C’est un week-end d’expo de photos de pères noël gonflables et de nains déguisés en robots, un samedi de vieux film de Stan Laurel sans Hardy, de pelouses nocturnes où on attrape la crève, de bières bues avec N., petit monstre, et le garçon fleuri. C’est, le lundi matin, sortir de chez le petit docteur, mon cœur et mes poumons, se retrouver pris dans une tempête d’été, l’eau qui déferle si fort boulevard du Temple que j’en pleurerais de pas avoir sur moi ma bouée-canard, oh ma bouée-canard si je rentrais toujours dedans, si au moins je pouvais encore l’enfiler, je pourrais me laisser entraîner, jusqu’au port, vers la Bastille, par les flots, et m’amarrer quelque part, en attendant, pendant que tous les repères autour s’effacent. Parce que c’est C. qui ne monte plus jamais à Paris depuis qu’il n’est plus qu’à quarante minutes de la capitale, c’est son téléphone qui sonne dans le vide quand à n’importe quelle heure je l’appelle, c’est N. qui couche avec des grands noirs américains mais qui récite encore, à quatre heures du mat' rue de Rivoli, de la poésie grecque en attendant les bus de nuit, c’est les pizzas près de Châtelet qui t’implosent le système digestif en technicolor, c’est les quatre fromages qui sont au chèvre et brie fondu, c’est qu’on peut t’y mettre du saumon et même des moules si tu veux, comme petit monstre qui s’est chopé trois jours d’arrêt maladie, c’est Paris qui d’ici quinze jours se videra peu à peu de tous ceux qui « j’adore tellement Paris en août (c’est pour ça que je reviens qu’en septembre) ». Et c’est, pour ceux qui seront encore là, la cirrhose ou la gastro qui guette, chaque nuit : la rue des Lombards.

05 juillet 2007

Tropicale maladie

On est rentré de Tielt, on a fait la fête des steaks dans l’appartement, puis entre deux averses on marche d’une bière à l’autre dans les rues du centre, il pleut comme dans une chanson de Dalida, Bruxelles. Entre deux vaisselles et deux danses, moi et P., notre petit congrès mensuel de la franco-belge du caoutchouc, nos vieilles durex.
Harengs nouveaux, bite dans le cul et tête de porc pressée-frites, mon premier week-end de juillet, belge et pas vraiment kasher, à peine le temps de revoir la rue des teinturiers, son Paradis de la Babouche, et, pour rentrer le soir à la maison, quand le soleil revient, prendre ces vieux tramways pouilleux, dans lesquels aucun belge n’est jamais monté, juste deux polonaises, trois portugais, P. et moi, bien sûr, et tous les arabes du quartier.
Sur le i-Pod de salon, à tourner en boucle, à nous refiler sa neurasthénie du bonheur, Tracey Thorn, Judy Garland du pauvre et de nos illusions défaites, à la nausée, et encore l'égouttoir à vider... A la télé il pleut à Paris aussi, aux infos sur France 2 ils disent que les cours d’eau en France, on a fait des analyses, on a trouvé des particules, c’est des médicaments, de tout. C'est le genre de choses qu’on sait si bien faire encore, à force de gaver nos ruisseaux de paracétamol, de mettre nos fleuves sous lexomil, nos pharmacies en faillite, que si du ciel continue à se déverser autant d'eau, les caniveaux de nos villes feront de nouveaux affluents pour ces rivières d’antibiotiques, qui débordent, partout.
Et dans nos campagnes, les cygnes tombent en plein vol, de la grippe, sur nos champs.

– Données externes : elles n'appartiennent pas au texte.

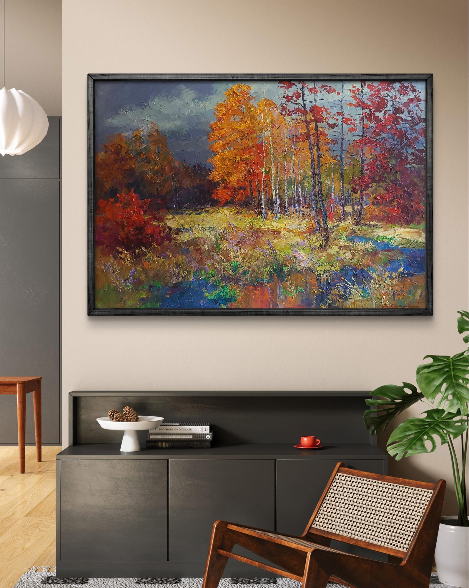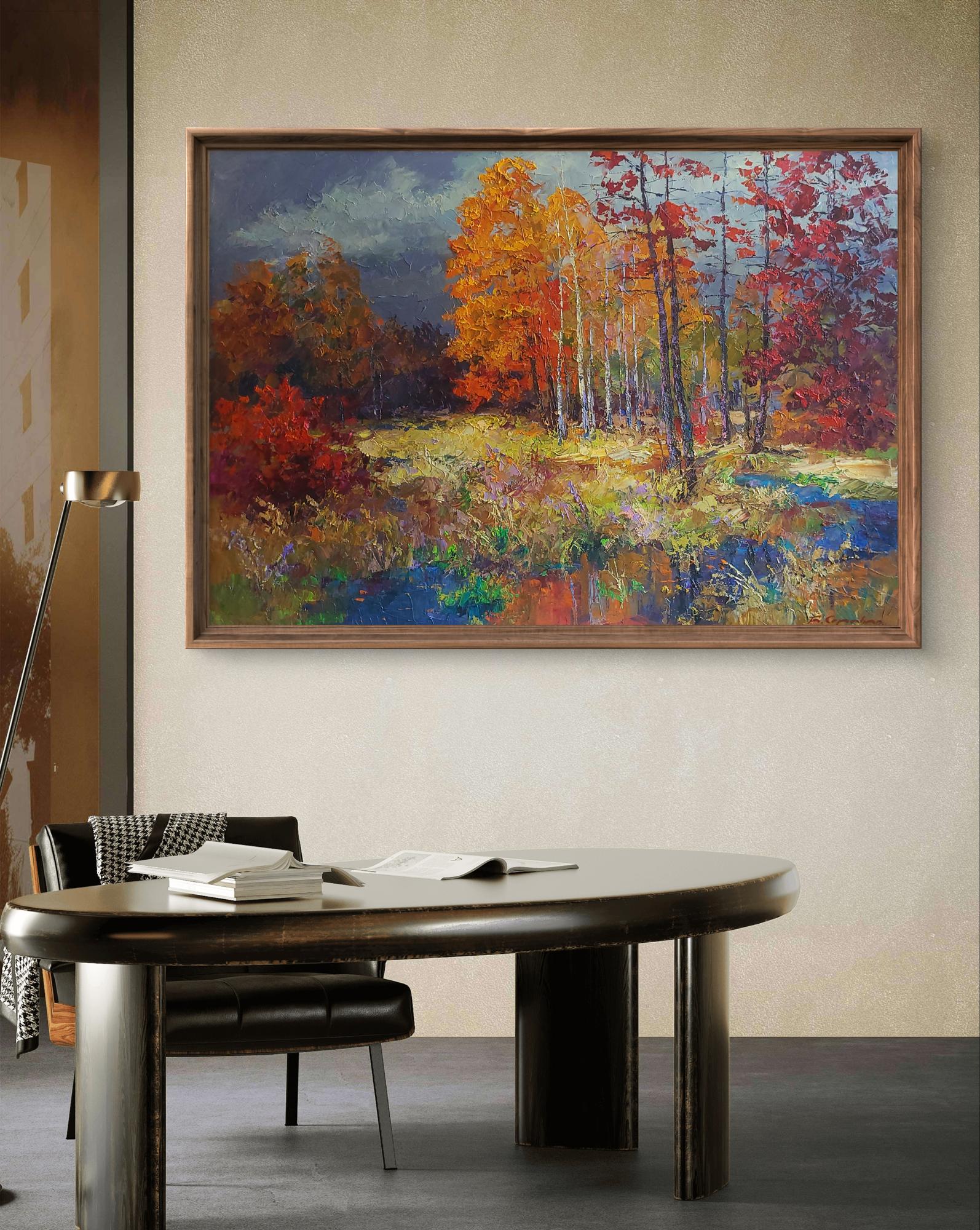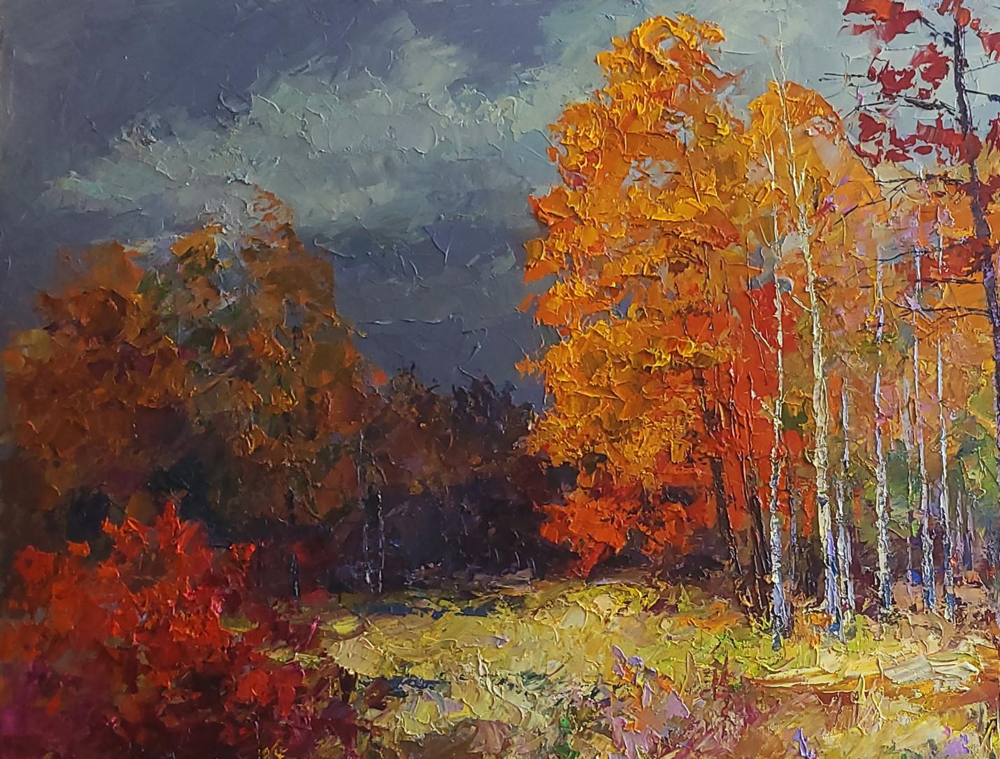 The painting titled "Autumn Forest" captures the vibrant and emotional essence of fall. The artist masterfully uses bold, textured strokes of oil paint to depict a natural scene alive with rich, warm colors that embody the transition of seasons.The composition centers on a grove of tall trees, their slender trunks reaching upward while their leaves are ablaze with fiery hues of red, orange, and golden yellow. The interplay of these colors creates a striking contrast against the dark, overcast sky, which looms ominously in the background. This dramatic sky enhances the vibrancy of the foliage, emphasizing the fleeting beauty of autumn as it resists the impending chill of winter.In the foreground, a quiet, reflective pond mirrors the surrounding colors, introducing cool tones of blue and green that balance the warmth of the fiery leaves. The water's surface is depicted with a serene quality, its calmness offering a moment of stillness amidst the dynamic energy of the trees. The grasses and shrubs near the waterline add layers of texture and subtle shades of purple and gold, enhancing the richness of the scene.The artist’s brushstrokes are deliberate yet expressive, lending the work a sense of movement as if the wind is gently rustling the leaves. The scene invites the viewer to step into the forest, to hear the crunch of leaves underfoot and feel the crisp autumn air.Through this piece, the artist seeks to convey the transient beauty of nature. "Autumn Forest" is not just a visual representation of a season but a meditation on the passage of time and the inevitability of change. The vibrant colors symbolize life and energy, while the darkening sky hints at the cyclical nature of existence. The painting urges the viewer to pause, to appreciate the fleeting moments of beauty in the natural world, and to find solace in its rhythms and transformations.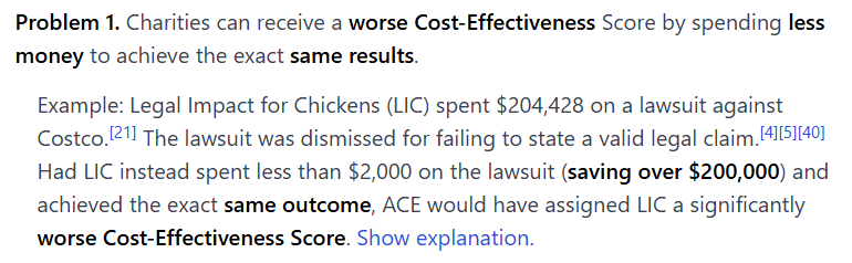 We go on how to detail how if LIC had spent less than $2,000 on the lawsuit (saving over $200,000) and achieved the exact same outcome, ACE would have assigned LIC a Cost-Effectiveness Score of 1.8. The lowest Cost-Effectiveness Score ACE assigned to any charity in 2023 was 3.3. This means if LIC had spent less than $2,000 on the lawsuit, LIC's Cost-Effectiveness Score would have been significantly worse than any charity ACE evaluated in 2023.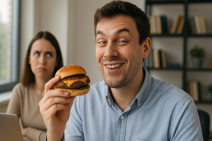 Here's what I said to Jake about his bacon sandwich: nothing. Here's what I've said to 99% of people about their food choices: nothing. Yet the preemptive defensiveness arrives anyway, swift and certain. The elaborate performances, the unprompted nutrition lectures, the "found the vegan" jokes when nobody was looking for one—it's shadowboxing with judgment that exists primarily in their own minds.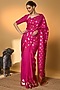 Rani Pink Raw Silk Chand Phool Foil Printed Saree Set

Je rentre en France, l’eau descend les escaliers du RER, cette moiteur des sous-sols, plus besoin de voyager beaucoup pour se ramener de belles maladies tropicales, cet été c’est ici et tous les jours, la saison des pluies. Et parfois, à me retrouver là, je voudrais juste me noyer, dans ma bière trappiste... oh, jouez, jouez encore, tous les sirtakis, baglamas et bouzoukis.